ON DEMOCRACY AND RELIGION, 22 02 07: the subject of an evening talk given by Professor Ronald Dworkin at the London Review of Books bookshop in London last month. Professor Ronald Dworkin is an authority. “The point of political debate is to argue”, he says, and he holds us in thrall for nearly ninety minutes.

He is a master of every move. It is like a chessboard, and the Grand Master of Jurisprudence is moving all the various pieces, demonstrating his skills. About the limits of law in either a secular or a religious society, he is equally skilled with the black or the white pieces. Within the bounds of our shared imaginations, those rules of tolerance that govern how we conduct debate in our common political world, we know that whatever move we make, whatever way we might choose to argue, we will be defeated by him. My attention begins to wander. I dream of the Atlantic Ocean…

…“You are wrong," the grand master is saying. It is late on and the Grand Master has been showing us the moves for the ‘End Game’: at the limits of toleration, what to do when the fundamentalist (whether of the black or white, the holocaust denier, or the suicide bomber) puts the extreme view. "Should we we say, ‘Ultimately I respect your viewpoint, even though I profoundly disagree with it’ ?”, somebody is asking in the audience.
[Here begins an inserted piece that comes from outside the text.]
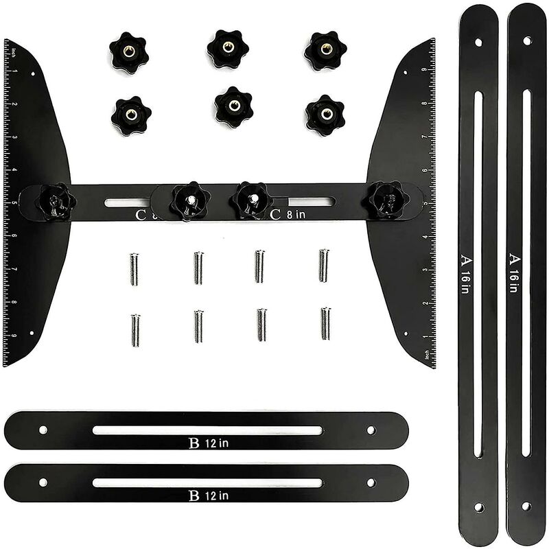 Strumento per gradini per scale che fa risparmiare tempo - : il set di modelli per gradini per scale ti aiuterà facilmente a disporre perfettamente pedate, alzate e scaffali. Migliora la precisione e risparmia tempo senza pagare di più per gli errori. Facile da usare e regolare all'angolazione corretta. Portatile e semplice. [Uso flessibile] Lo strumento per misurare il gradino delle scale viene fornito con tre dimensioni di aste di estensione da 8 e 12 e 16 pollici che possono essere fatte scorrere e regolate da 10,2 a 53,3 pollici. Le piastre in acciaio inossidabile da 10 pollici su entrambi i lati hanno scala e misurazione dell'angolo (da 0 a 360), che possono essere allungate in qualsiasi combinazione in base alle proprie esigenze per soddisfare la misurazione di diversi angoli. Il righello per scale è facile da regolare e si blocca saldamente in posizione con quattro manopole. [Materiale di alta qualità] Gli strumenti per scale sono realizzati in acciaio inossidabile di alta

“No”, the Grand Master of Jurisprudence replies, “you must say to the person – ‘you are wrong’ ”.

My attention is suddenly back in the room. I notice one side of the Grand Master’s mouth is beginning to droop with age. At the edge of the chess board the ‘Greek Key’ mosaic decoration of marble tessarae is being invaded by the motion of the sea, rain storms and the wind shifting sands, and they say that once the mosaic pattern is lost there is no longer protection from the invasion of ghosts.

I feel my heart rate quickening. In an instant and without any warning, the Grand Master has lead us off the sixty four black and white squares of the board into a wilderness where desert tribes roam, and where the Rule of Law includes those that apply to the vendetta, the Blood Laws, and all those ancient customs and laws that accompany the constant state of war that exists between our tribes, even between yours and mine. Here there is danger. Here at any moment the sword that belongs to he who is not my brother or she who is not my sister, may fall upon my neck, or dagger be thrust into my chest.